Shaun Castle seated in his wheelchair in front of a wall.Shaun Castle

No Aisle Chair

On July 24th, I flew on Delta Airlines from Pensacola, Florida to Washington, DC with a stop in Atlanta. I only had a very short layover time of 45 minutes upon arrival. When I landed in Atlanta for my connecting flight to Washington, DC, I was waiting on an aisle chair to transport me from my seat to my wheelchair that was waiting for my in the jet bridge. After waiting for the entire plane to empty, I asked if there was an aisle chair waiting to help me get off the plane. I was told that they were waiting on one to show up. I waited another 10 minutes with all of the flight attendants and the Captain apologizing to me while telling me that this wasn’t right and I needed to complain to someone.
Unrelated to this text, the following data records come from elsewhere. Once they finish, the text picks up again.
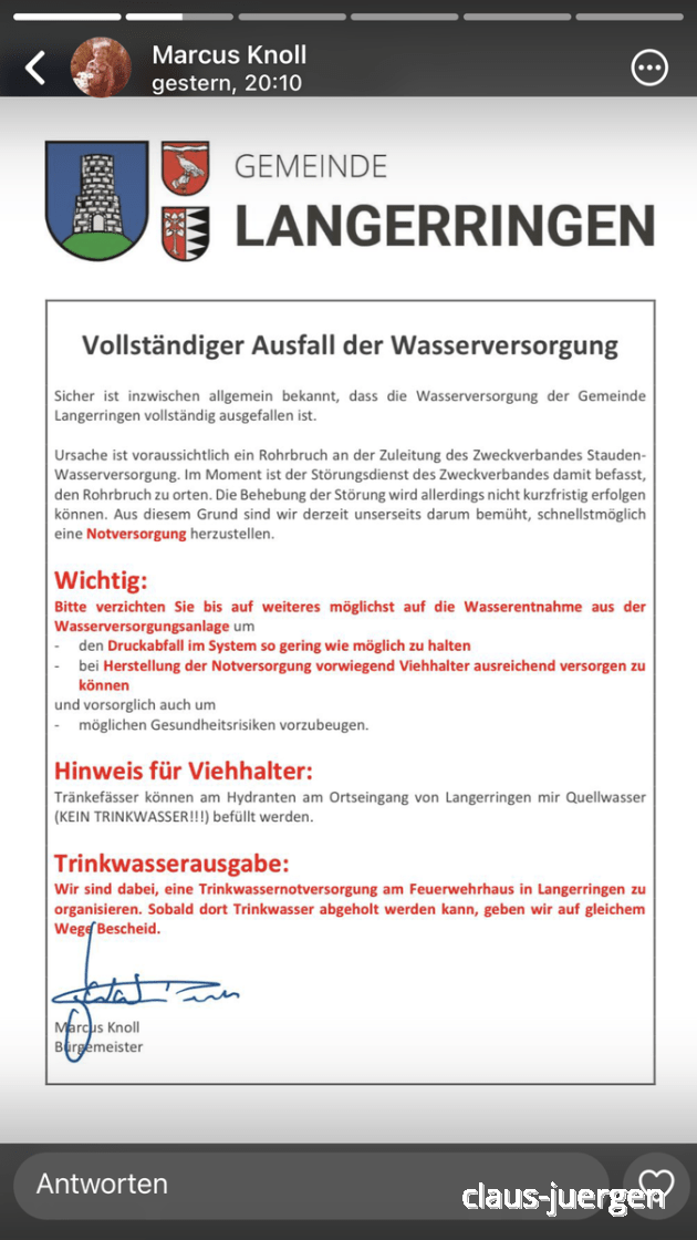 Wie wichtig es ist, daß aus dem Wasserhahn regelmäßig unbegrenzt Trinkwasser fließt merkt man erst wenn es hakt. Gestern am späten nachmittag floß nur noch ein Rinnsal aus dem Hahn. Mir war schnell klar, daß das nicht an unserer Hausinstallation lag weil ich mit dem Schwiegersohn ein paar Häuser weiter telefonierte. Dort das gleiche Problem. Nachdem auch ich zu den Menschen gehöre die ein paar mal am Tag ins Handy schauen fand ich schnell die Lösung in Form einer Whattsapp Status Meldung unseres Bürgermeisters.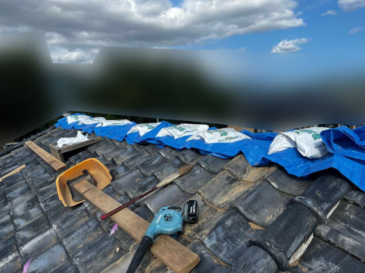 棟瓦が無いと急な雨でまた雨漏りが起きてしまうので、翌日に工事を持ち越すときはブルーシートで覆って急な雨に備えます☔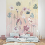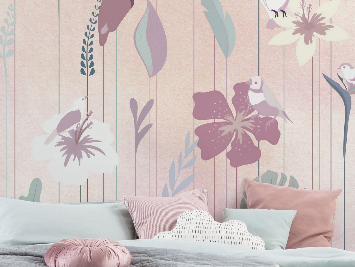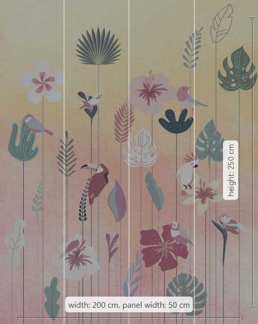 Папагалите, накацали върху малките цветчета, изглежда наистина се наслаждават. Със своята дъговидна цветова палитра този фототапет успява да внесе усещане за рай в помещението и да създаде позитивно настроение навсякъде около себе си.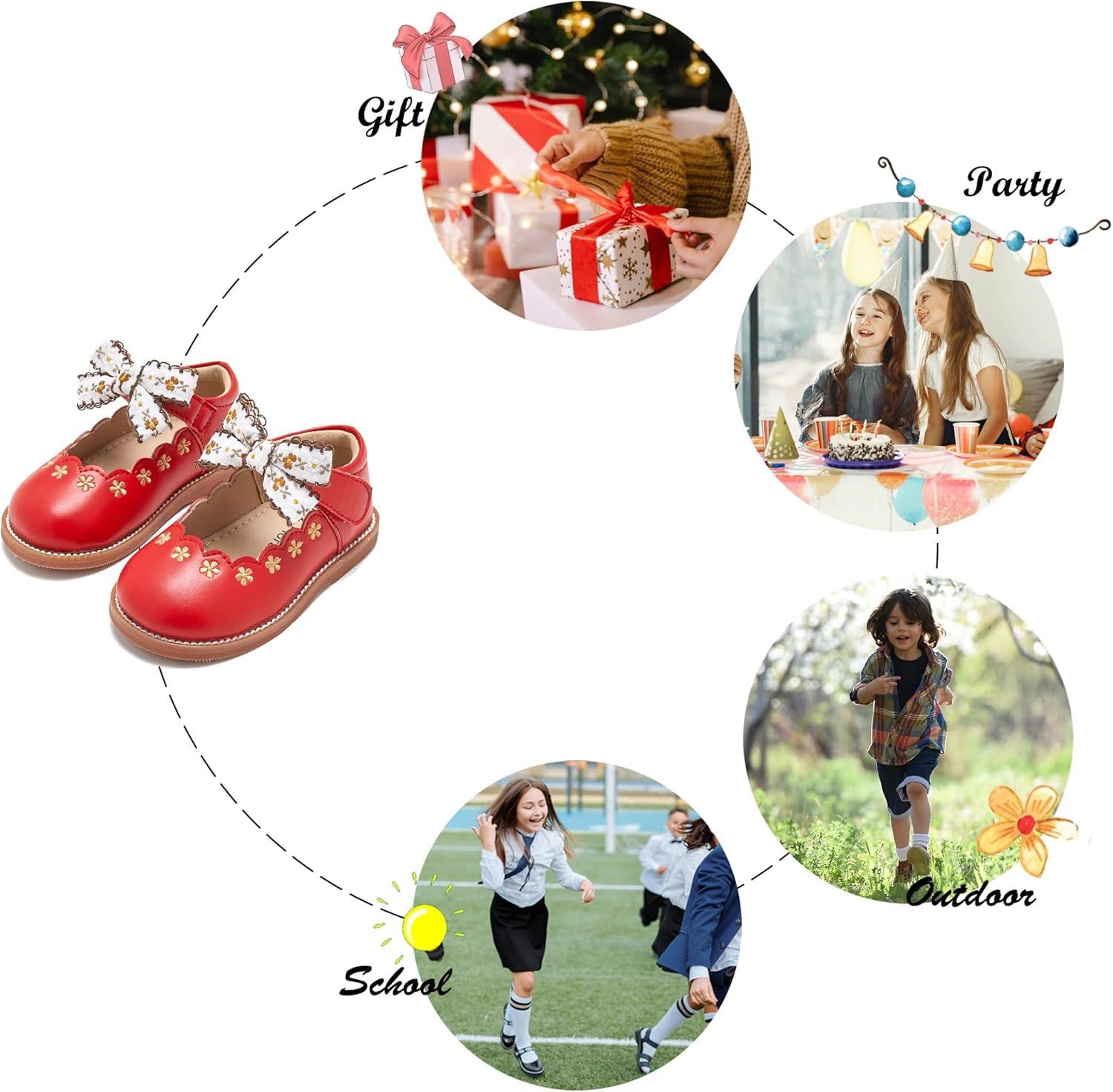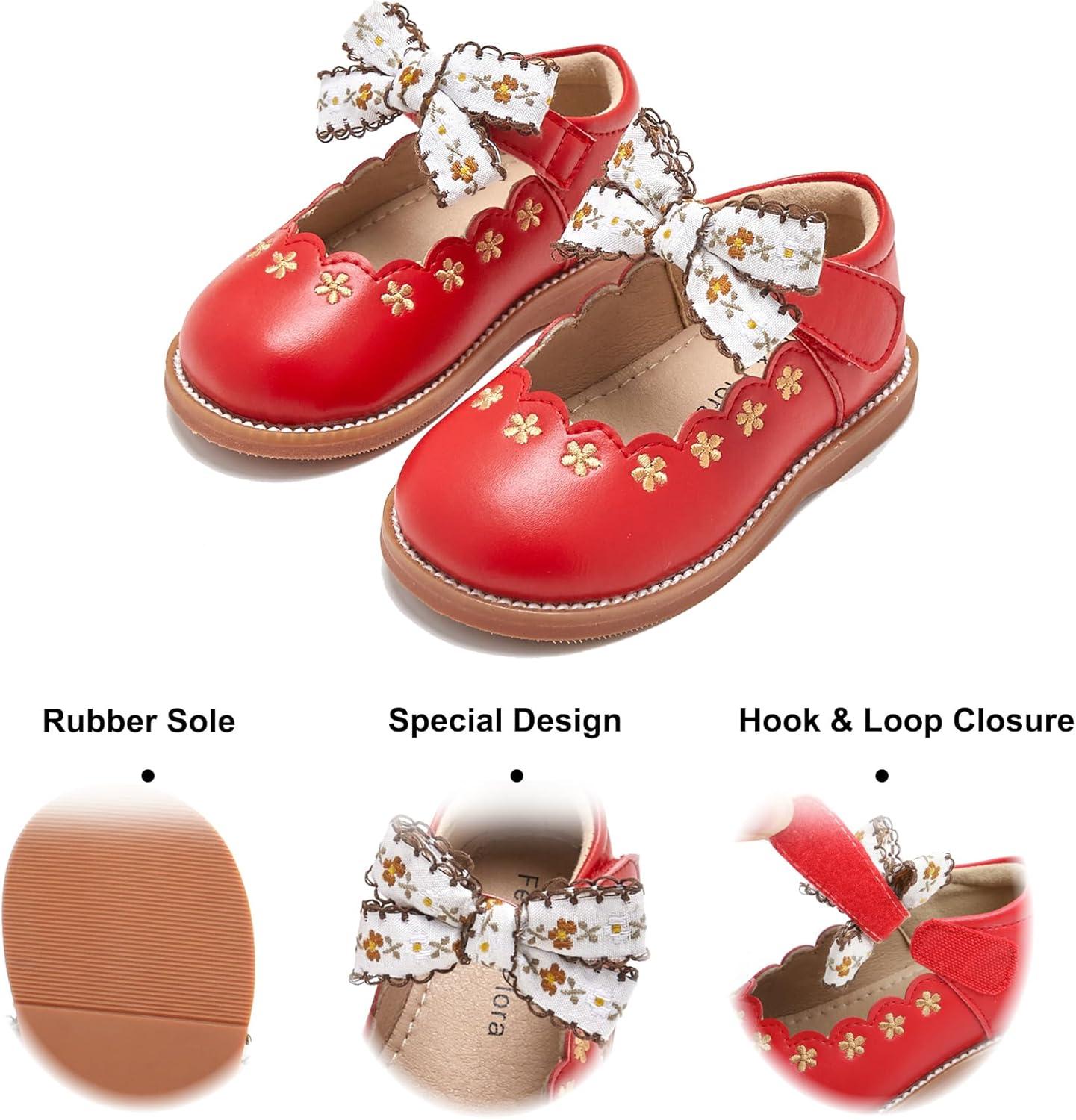 Felix & Flora Toddler Little Girl Mary Jane Dress Shoes – Ballet Flats for Girl Party School Shoes(B402-red)

After another five minutes of being told there were no aisle chairs available for me and they didn’t know when one would be there, I finally told the staff at Delta just to get my wheelchair as close to me as possible and I would use the arms of the other seats to get myself to the front of the plane. I got myself to the front of the plane and into my chair while risking my health by needing to transfer on my own all the way down the aisle and into my chair. I have no use of my legs and have heavily damage shoulders which make this kind of issue even harder for me. After I exited the plane, I was told there was no sign of any aisle chair coming and that the crew was extremely sorry for the incident but that I should absolutely report what had happened because in their words, “It was not right that I had to do that.” I agree.